Customers who fork out for high-speed broadband are often left with disappointing download speeds, according to new research.
Analysis from consumer researchers Which? shows those who buy fibre broadband expecting to get speeds in excess of 30Mbps are most often let down.
Fibre broadband is normally sold in two varieties: up to 38Mbps and up to 76Mbps.
But speed checker data shows a huge gap between expectation and reality.
There are a number of reasons why broadband speeds can be slower than what was advertised.
If there are more people sharing a connection at peak times, like before and after work, broadband speeds can suffer.
Part of the problem is that broadband, despite being sold as ‘up to’ a certain speed of connection, can vary wildly depending on how many fibre broadband lines are being used in your nearest green street cabinet, and your own distance from the exchange.
Fibre broadband – again, those ‘up to 38Mbps’ and ‘up to 76Mbps’ deals – is not in really made up of solely fibre-optic cables all the way from your ISP into your home. If it were, it would be extremely fast as data travels at the speed of light down fibre-optic. But the last part of the journey between the green street cabinet and your home relies on 120-year-old technology: copper wires.
Fully fibre-optic is now being sold as “full-fibre” to make the distinction.
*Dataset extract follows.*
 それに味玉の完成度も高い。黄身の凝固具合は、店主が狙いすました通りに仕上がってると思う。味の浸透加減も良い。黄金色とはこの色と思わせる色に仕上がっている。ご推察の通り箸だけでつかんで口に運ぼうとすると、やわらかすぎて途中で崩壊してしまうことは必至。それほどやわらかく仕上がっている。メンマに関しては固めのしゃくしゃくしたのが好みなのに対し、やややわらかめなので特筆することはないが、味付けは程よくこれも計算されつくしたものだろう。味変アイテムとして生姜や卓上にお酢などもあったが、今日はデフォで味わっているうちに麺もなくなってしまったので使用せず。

Full-fibre broadband or fibre-to-the-premises (FFTP) can achieve speeds up to 1Gpbs or 1,000Mbps but is only available to around 2% of the population. It’s mainly sold by much smaller boutique broadband providers like Hyperoptic and Gigaclear who can install complete networks around much smaller areas like tower blocks and rural villages.
Which? found that the gap between expectation and reality gets worse the faster broadband package people buy.
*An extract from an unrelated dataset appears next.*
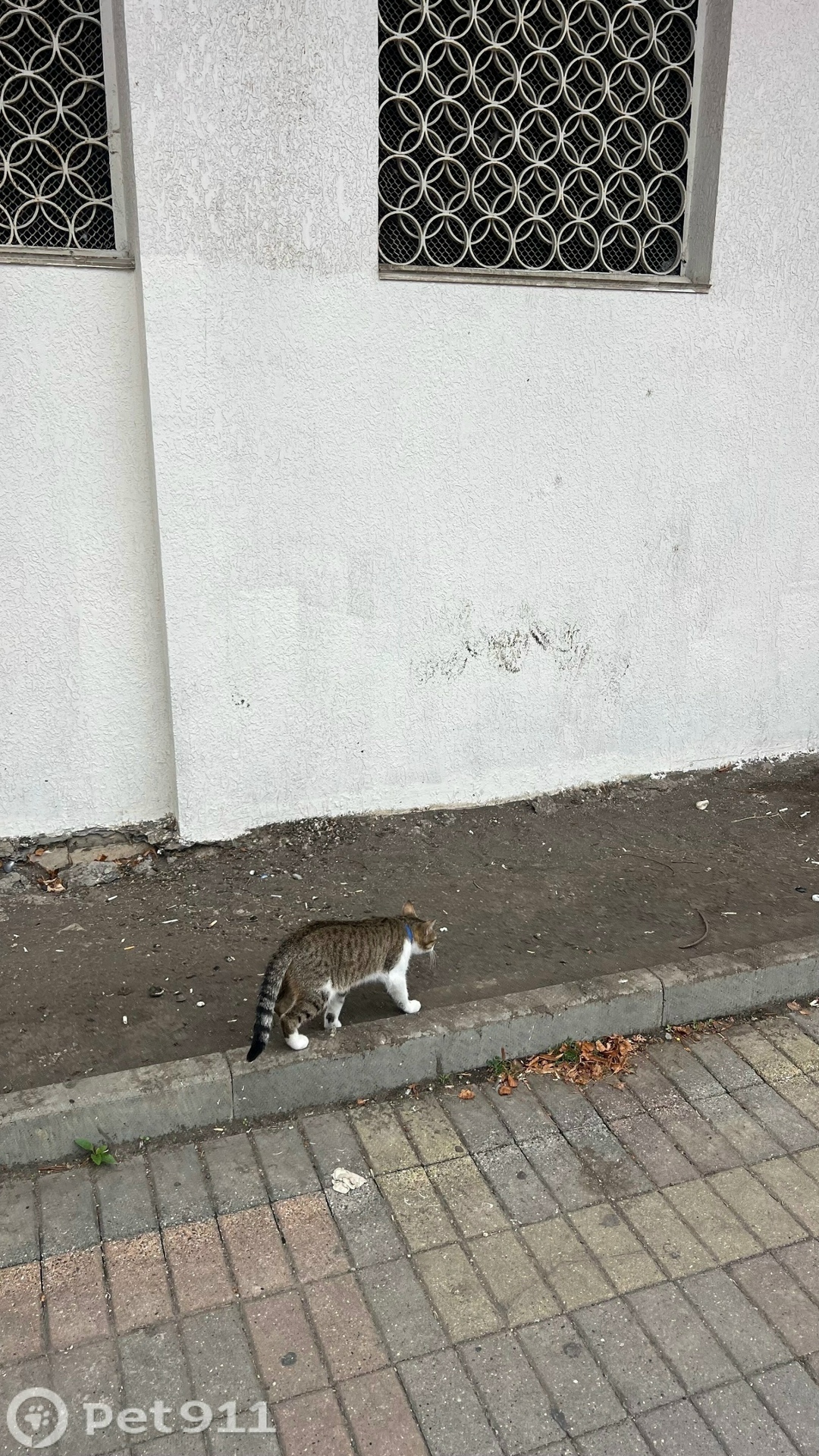 Милейшая кошечка с синим ошейником ходит по улице Кисловодская, возможно чья то.

If you are sold a deal that promises up to 38Mbps, you would reasonably expect – at least some of the time – to get 38Mbps download speeds.
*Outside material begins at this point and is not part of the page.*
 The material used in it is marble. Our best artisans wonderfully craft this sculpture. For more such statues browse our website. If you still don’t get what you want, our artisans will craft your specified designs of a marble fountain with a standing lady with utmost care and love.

But independent speed checking apps – such as Ookla show a different story.
The below is an image taken from a speed test of a Virgin cable broadband connection in Manchester city centre, at 5pm on a Tuesday evening.
The package, sold as ‘up to 76Mbps’, achieves just 15Mbps downloads and regularly falls below 10Mbps.
MPs have been having fiery debates on why broadband providers in the UK are still allowed to sell packages with broadband speeds that most customers will never get.
Plans to change the law are afoot, but it is slow going.
Lawmakers would be wise to following the example in Germany, where the government has proved it is possible to get ISPs to only sell broadband based on speeds that most customers can actually get.
On the continent the law has changed to say that ISPs are only allowed to advertise the minimum, normal and maximum speeds that customers can expect.
If their customers do not get 90% of the maximum broadband speed at least once, or their connection falls below the normal speed more than 10% of the time, German ISPs can be fined or reprimanded. Not so (yet) over here.
Customers are being urged to use reputable speed checking software and to keep a record of their results should they ever want to challenge their ISP or switch providers.
Alex Neill, Which? Managing Director of Home Services and Products, said: “People who think they have signed up for faster broadband speeds are the most likely to be disappointed, with our research showing many are generally getting speeds that are much slower than they expected.
“Consumers need to regularly test their broadband speed to check they are getting the service they are paying for. If they aren’t they should contact their provider so that any issues with their service can be resolved.”
Ironically people buying cheap standard broadband, usually sold as ‘up to 17Mbps’, are much happier that fibre broadband customers.
Those who expected speeds of less than 10Mbps – perhaps those in rural areas with fewer options or those people who retain a healthy cynicism about the market – were more likely to be impressed with the speed they got.
The government is currently consulting on a Universal Service Obligation to say that everyone in the UK should get at least 10Mbps for broadband, which makes a decent internet connection essentially a human right.